By Benjamin Chiou
Date: Thursday 03 Apr 2025
(Sharecast News) - Greeting cards and gifts retailer Moonpig delivered a mixed fourth-quarter update on Thursday, with full-year revenues slightly missing expectations but margins at the top end of guidance, as it unveiled plans for a new share buyback.
Ahead of the close of its financial year, which ends on 30 April, the company said annual revenues would be between £350m and £353m, up from £341.1m the year before but slightly short of the current consensus forecast of £354m.
However, adjusted EBITDA margins should be at the top of the 25-27% guidance range, with double-digit percentage growth expected in adjusted earnings per share.
The company, which operates in the UK and the Netherlands, said it saw a softer start to the second half at the Greetz division, which offers gifts like flowers, chocolate, balloons and beverages alongside the main card offering, though recent trading has improved.

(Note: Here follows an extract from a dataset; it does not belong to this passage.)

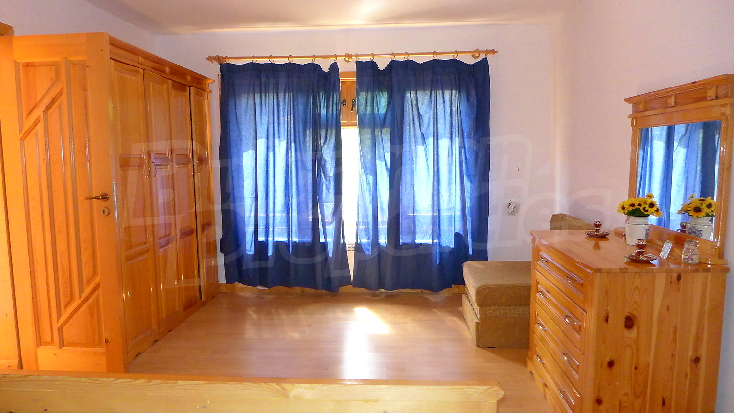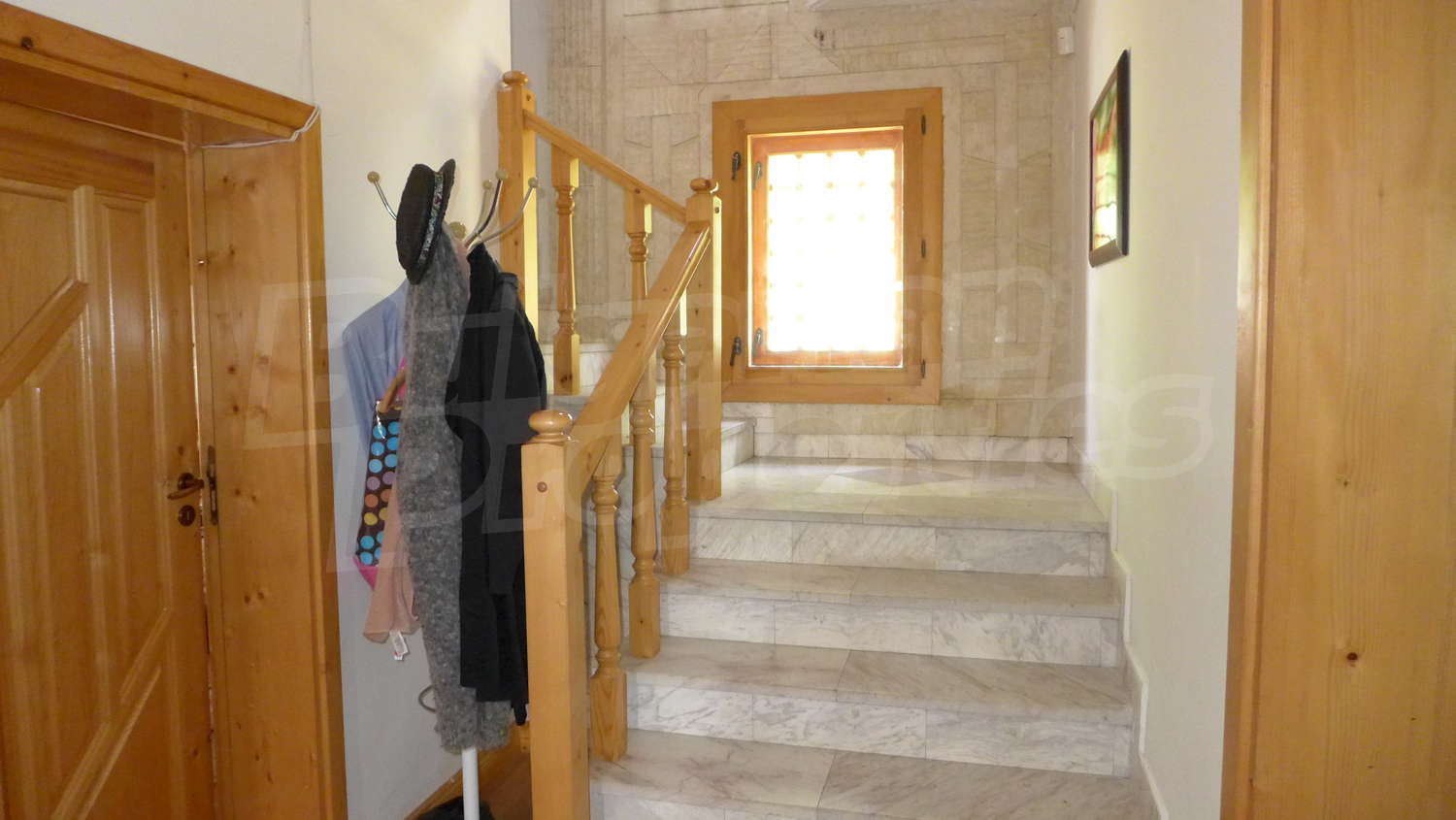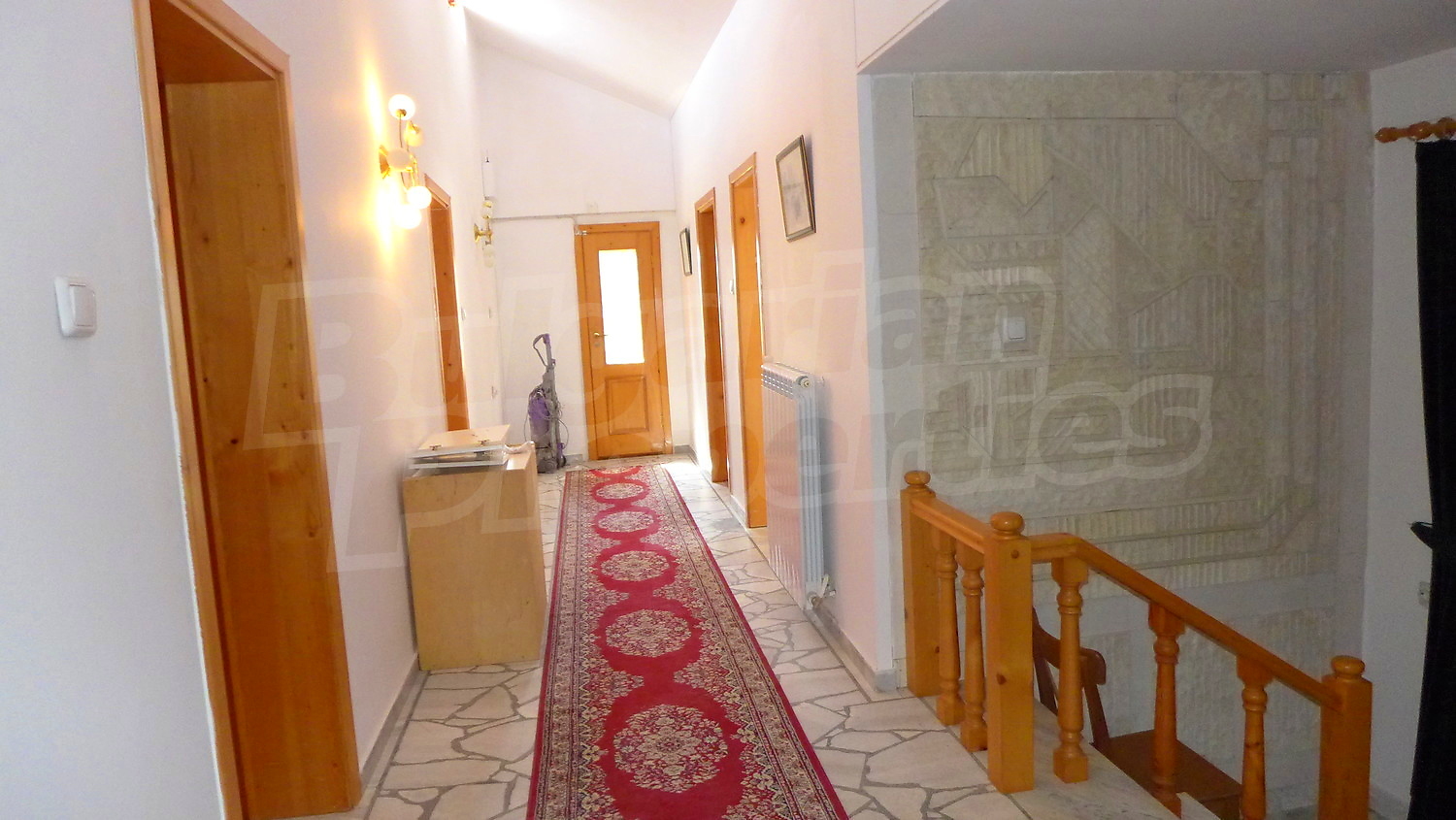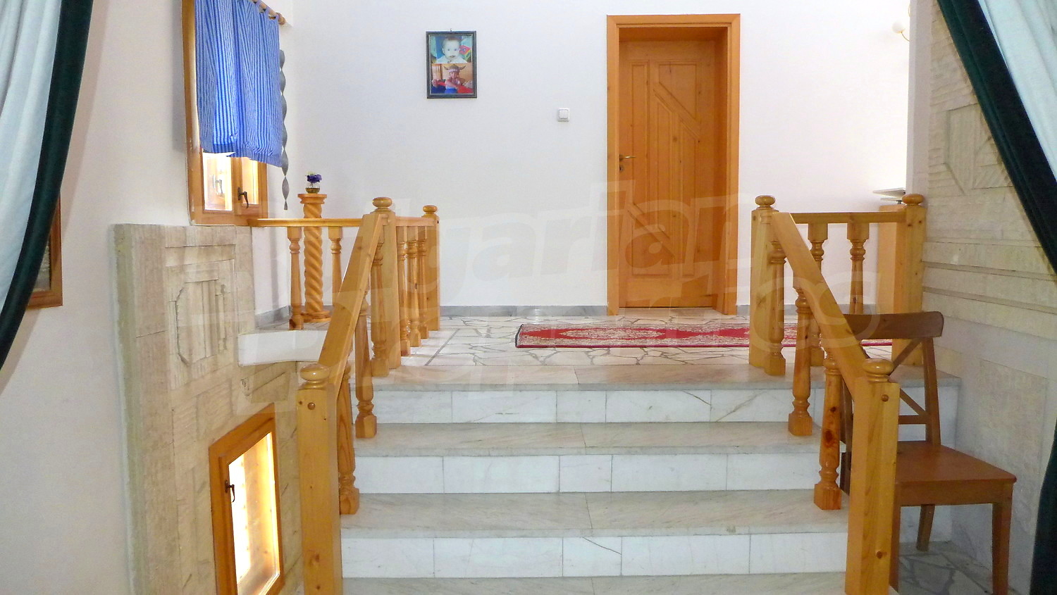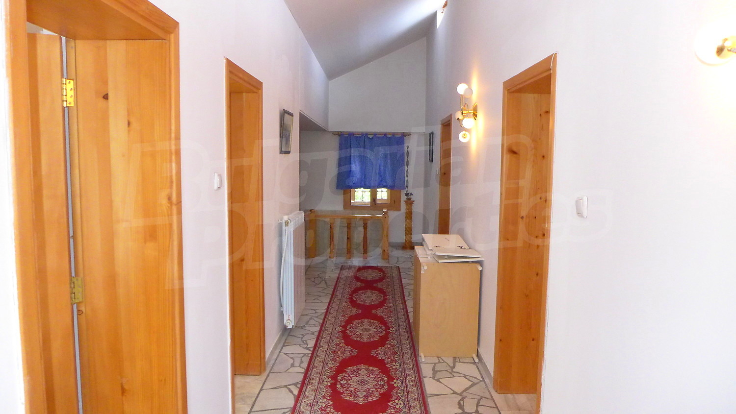 Втори етаж: Вътрешно стълбище води към него. Тук ще откриете коридор, 3 спални, баня с тоалетна и тераса. Стените са с латекс, подът е дюшеме, а в коридора - мрамор. Прозорците са с дървен стъклопакет.

Given strong free cash flow generation, the board has decided to launch a new £60m share buyback which will commence in the next financial year.
Commenting on Thursday's update, analyst David Hughes from broker Shore Capital said Moonpig continues to be a "highly cash-generative business", with high profit margins, low capex requirements and negative working capital.
"With the elevated debt levels following the Buyagift acquisition now well under control [...] this cash generation translates into a step up in the share buyback programme," Hughes said.
"Key for the business going forward will be delivering on sales in the Greetz and Buyagift divisions alongside core Moonpig brand, and with this we see the potential for a return to high-single digit growth alongside these enviable margins."